Set 1: Central Ideas (Advanced)

Explanation

Answer: B

PASSAGE

The following text describes the 'Efficient Market Hypothesis' (EMH). The Efficient Market Hypothesis (EMH) asserts that financial markets are 'informationally efficient,' meaning that asset prices reflect all available information. Consequently, it should be impossible to consistently 'beat the market' on a risk-adjusted basis, since market prices should only react to new information. Critics point to phenomena like asset bubbles and crashes—instances where prices deviate significantly from intrinsic value—as evidence that behavioral psychology and irrational exuberance play a larger role than EMH admits.

What is the core implication of the Efficient Market Hypothesis regarding investment strategy?

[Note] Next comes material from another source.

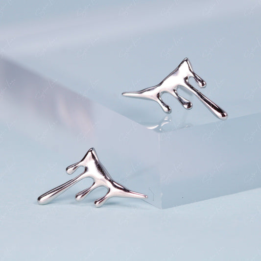 Abstract dripping sterling silver stud earrings
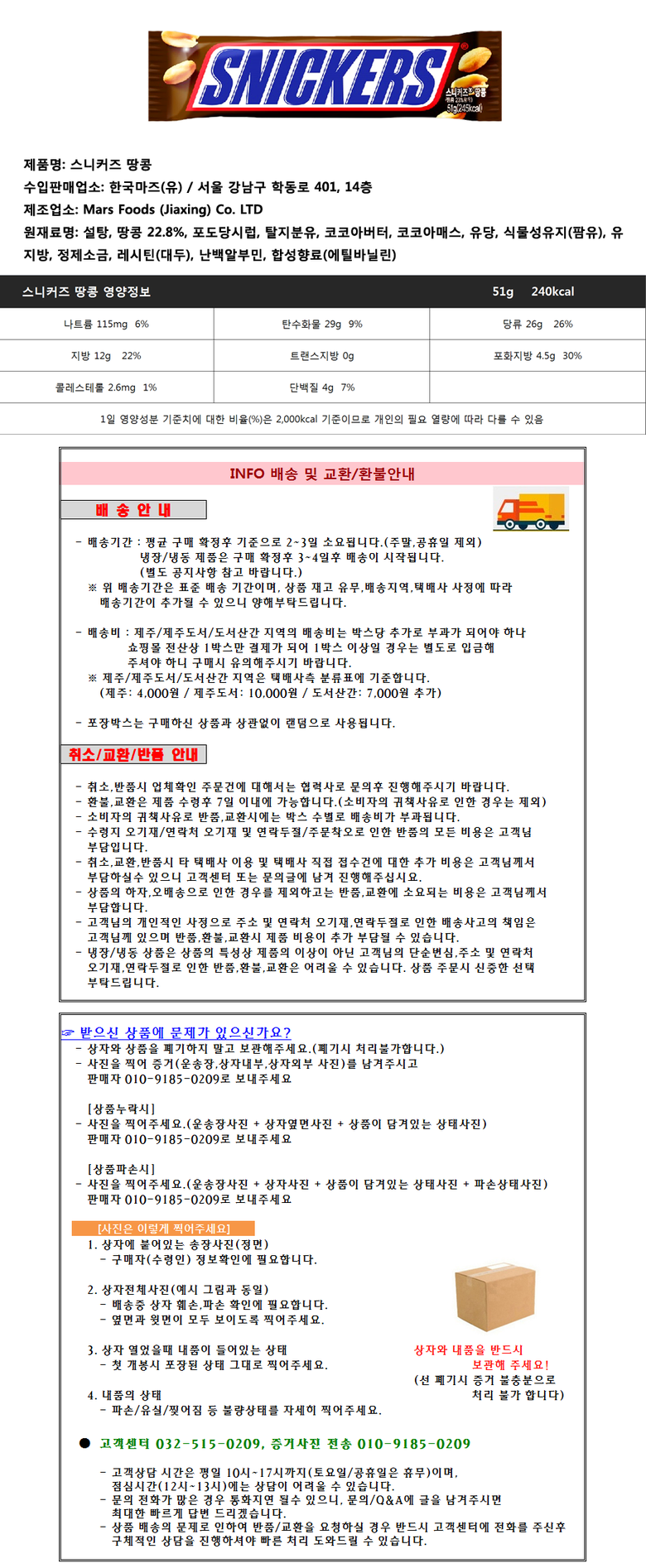 | 제품명 | 상품 상세페이지 참조 | 식품의 유형 | 상품 상세페이지 참조 |

A. Investors can easily predict future price movements by analyzing past trends
B. It is impossible to consistently outperform the market because prices already reflect all data✓ Correct
C. Asset bubbles are a frequent and predictable occurrence
D. Government regulation is necessary to ensure fair pricing

Detailed Explanation

Choice B is correct. The text states: 'it should be impossible to consistently beat the market... since market prices should only react to new information.'

Key Evidence:

• "impossible to consistently 'beat the market'"

• "asset prices reflect all available information"

Why others are wrong: A (Opposite (Technical Analysis view, rejected by EMH)), C (Opposite (Critics point to bubbles as evidence AGAINST EMH)), D (Not mentioned).